Task requirements: Exactly and only the lines below from the one containing "This M18/M12 Rapid" down to the one containing "Маленькая собачка Соня" are wanted, both included; please exclude every picture.

Supplied material:
* * * * *

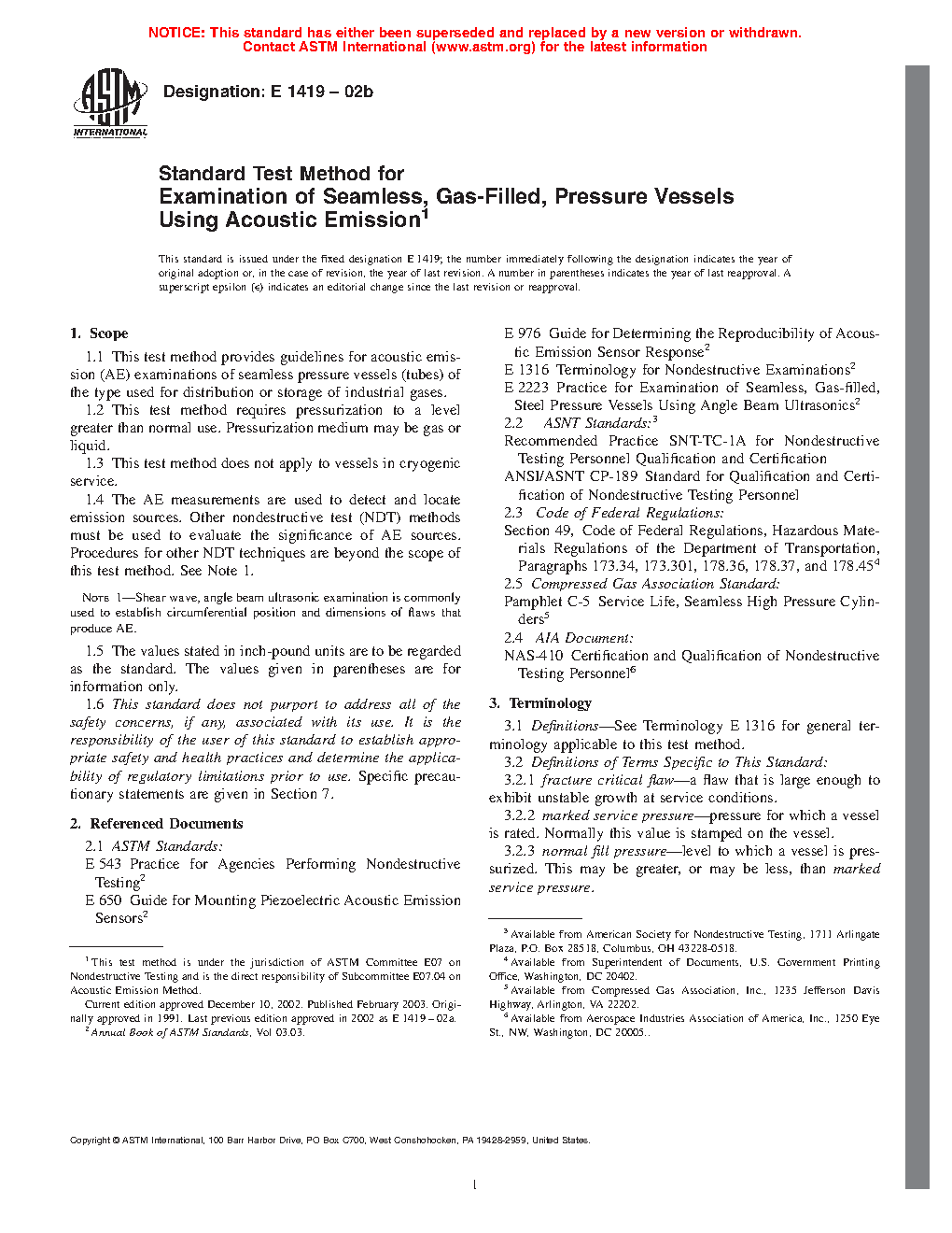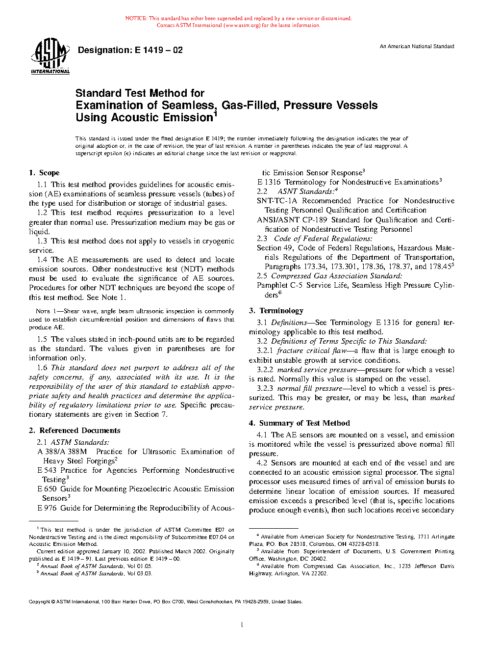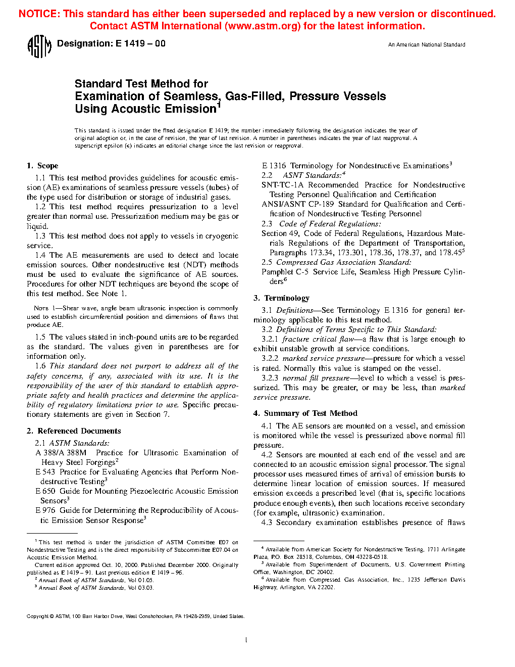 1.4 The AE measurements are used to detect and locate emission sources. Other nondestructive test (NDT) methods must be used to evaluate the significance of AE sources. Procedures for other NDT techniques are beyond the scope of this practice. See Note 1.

* * * * *

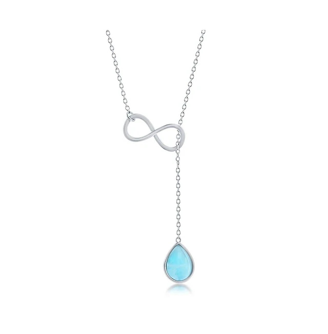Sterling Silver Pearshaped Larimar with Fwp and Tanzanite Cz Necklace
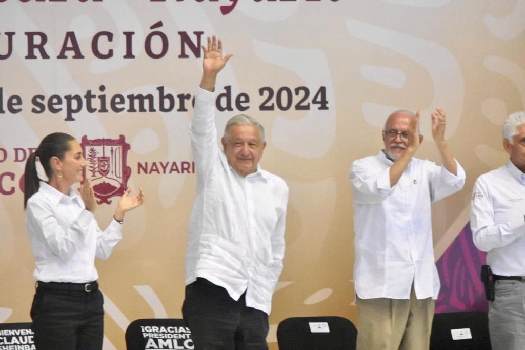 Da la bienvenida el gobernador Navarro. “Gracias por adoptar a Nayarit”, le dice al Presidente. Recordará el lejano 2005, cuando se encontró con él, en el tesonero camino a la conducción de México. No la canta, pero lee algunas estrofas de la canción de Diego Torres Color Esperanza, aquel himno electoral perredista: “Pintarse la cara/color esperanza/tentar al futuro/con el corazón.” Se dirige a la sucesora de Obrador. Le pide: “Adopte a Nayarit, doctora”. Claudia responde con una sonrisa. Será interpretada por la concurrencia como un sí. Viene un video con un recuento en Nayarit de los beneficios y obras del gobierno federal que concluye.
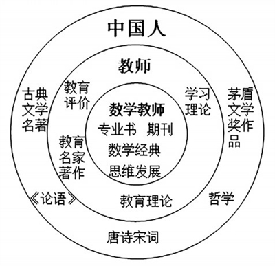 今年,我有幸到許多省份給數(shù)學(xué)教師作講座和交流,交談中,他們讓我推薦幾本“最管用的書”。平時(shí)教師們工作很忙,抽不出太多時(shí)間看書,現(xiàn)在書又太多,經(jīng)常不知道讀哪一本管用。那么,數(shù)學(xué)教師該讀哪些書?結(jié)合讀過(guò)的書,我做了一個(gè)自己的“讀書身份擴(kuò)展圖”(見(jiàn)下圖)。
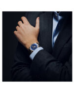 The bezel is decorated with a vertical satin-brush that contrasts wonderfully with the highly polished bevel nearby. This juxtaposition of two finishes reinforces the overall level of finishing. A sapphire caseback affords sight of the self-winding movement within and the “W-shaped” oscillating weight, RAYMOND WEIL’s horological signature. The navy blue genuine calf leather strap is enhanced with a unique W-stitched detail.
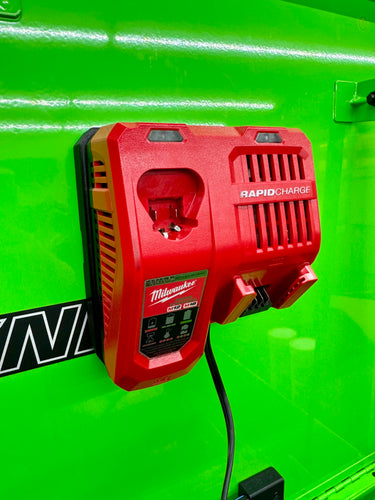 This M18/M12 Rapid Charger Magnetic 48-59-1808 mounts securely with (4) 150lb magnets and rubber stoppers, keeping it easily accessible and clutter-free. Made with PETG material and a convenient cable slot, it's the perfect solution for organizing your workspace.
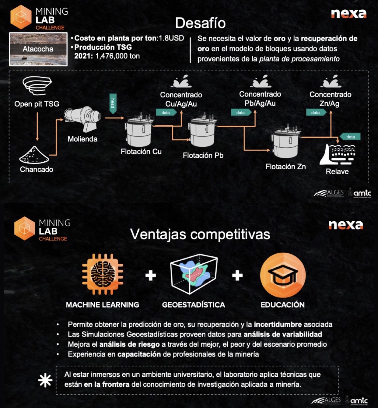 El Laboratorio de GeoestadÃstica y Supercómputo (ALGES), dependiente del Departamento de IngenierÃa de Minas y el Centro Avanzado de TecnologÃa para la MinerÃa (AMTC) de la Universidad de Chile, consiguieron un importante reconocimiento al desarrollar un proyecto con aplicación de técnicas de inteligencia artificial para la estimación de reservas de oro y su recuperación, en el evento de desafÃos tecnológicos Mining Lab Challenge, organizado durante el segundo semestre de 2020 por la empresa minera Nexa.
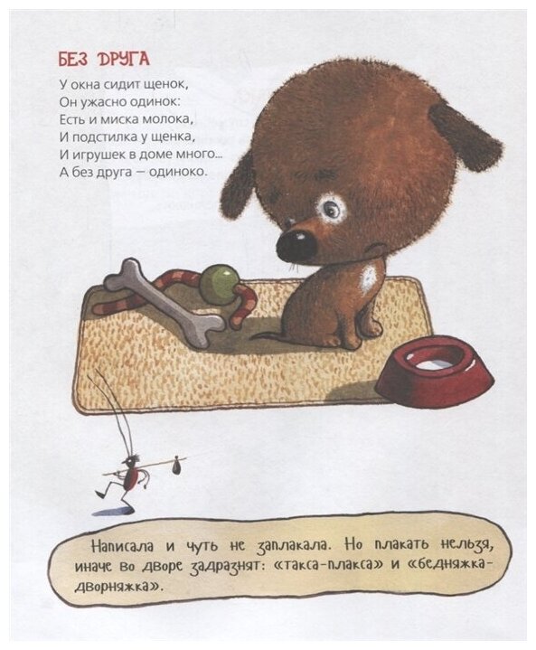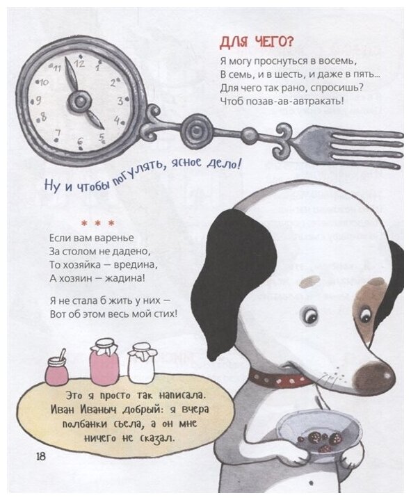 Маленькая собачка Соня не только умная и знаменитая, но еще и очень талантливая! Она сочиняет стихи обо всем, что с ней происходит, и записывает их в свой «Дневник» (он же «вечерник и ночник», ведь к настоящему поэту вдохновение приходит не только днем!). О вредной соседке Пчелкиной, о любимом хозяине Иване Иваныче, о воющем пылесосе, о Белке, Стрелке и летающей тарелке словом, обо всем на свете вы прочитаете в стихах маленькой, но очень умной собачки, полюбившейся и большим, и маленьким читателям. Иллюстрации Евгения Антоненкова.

* * * * *

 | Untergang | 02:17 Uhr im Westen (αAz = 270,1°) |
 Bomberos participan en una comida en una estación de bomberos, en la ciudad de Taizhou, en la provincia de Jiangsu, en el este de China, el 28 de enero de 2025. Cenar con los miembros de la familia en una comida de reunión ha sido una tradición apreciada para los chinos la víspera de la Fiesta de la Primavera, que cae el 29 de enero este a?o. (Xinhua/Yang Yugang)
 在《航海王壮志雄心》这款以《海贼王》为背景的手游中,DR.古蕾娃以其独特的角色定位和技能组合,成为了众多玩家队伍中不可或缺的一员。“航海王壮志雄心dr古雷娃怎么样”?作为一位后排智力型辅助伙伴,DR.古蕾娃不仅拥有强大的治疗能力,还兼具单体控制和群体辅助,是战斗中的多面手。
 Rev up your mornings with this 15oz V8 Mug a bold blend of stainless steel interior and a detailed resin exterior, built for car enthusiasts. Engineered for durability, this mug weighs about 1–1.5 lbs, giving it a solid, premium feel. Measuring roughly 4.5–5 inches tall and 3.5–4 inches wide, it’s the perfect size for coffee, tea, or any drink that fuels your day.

* * * * *

Expected answer:
 This M18/M12 Rapid Charger Magnetic 48-59-1808 mounts securely with (4) 150lb magnets and rubber stoppers, keeping it easily accessible and clutter-free. Made with PETG material and a convenient cable slot, it's the perfect solution for organizing your workspace.
 El Laboratorio de GeoestadÃstica y Supercómputo (ALGES), dependiente del Departamento de IngenierÃa de Minas y el Centro Avanzado de TecnologÃa para la MinerÃa (AMTC) de la Universidad de Chile, consiguieron un importante reconocimiento al desarrollar un proyecto con aplicación de técnicas de inteligencia artificial para la estimación de reservas de oro y su recuperación, en el evento de desafÃos tecnológicos Mining Lab Challenge, organizado durante el segundo semestre de 2020 por la empresa minera Nexa.
 Маленькая собачка Соня не только умная и знаменитая, но еще и очень талантливая! Она сочиняет стихи обо всем, что с ней происходит, и записывает их в свой «Дневник» (он же «вечерник и ночник», ведь к настоящему поэту вдохновение приходит не только днем!). О вредной соседке Пчелкиной, о любимом хозяине Иване Иваныче, о воющем пылесосе, о Белке, Стрелке и летающей тарелке словом, обо всем на свете вы прочитаете в стихах маленькой, но очень умной собачки, полюбившейся и большим, и маленьким читателям. Иллюстрации Евгения Антоненкова.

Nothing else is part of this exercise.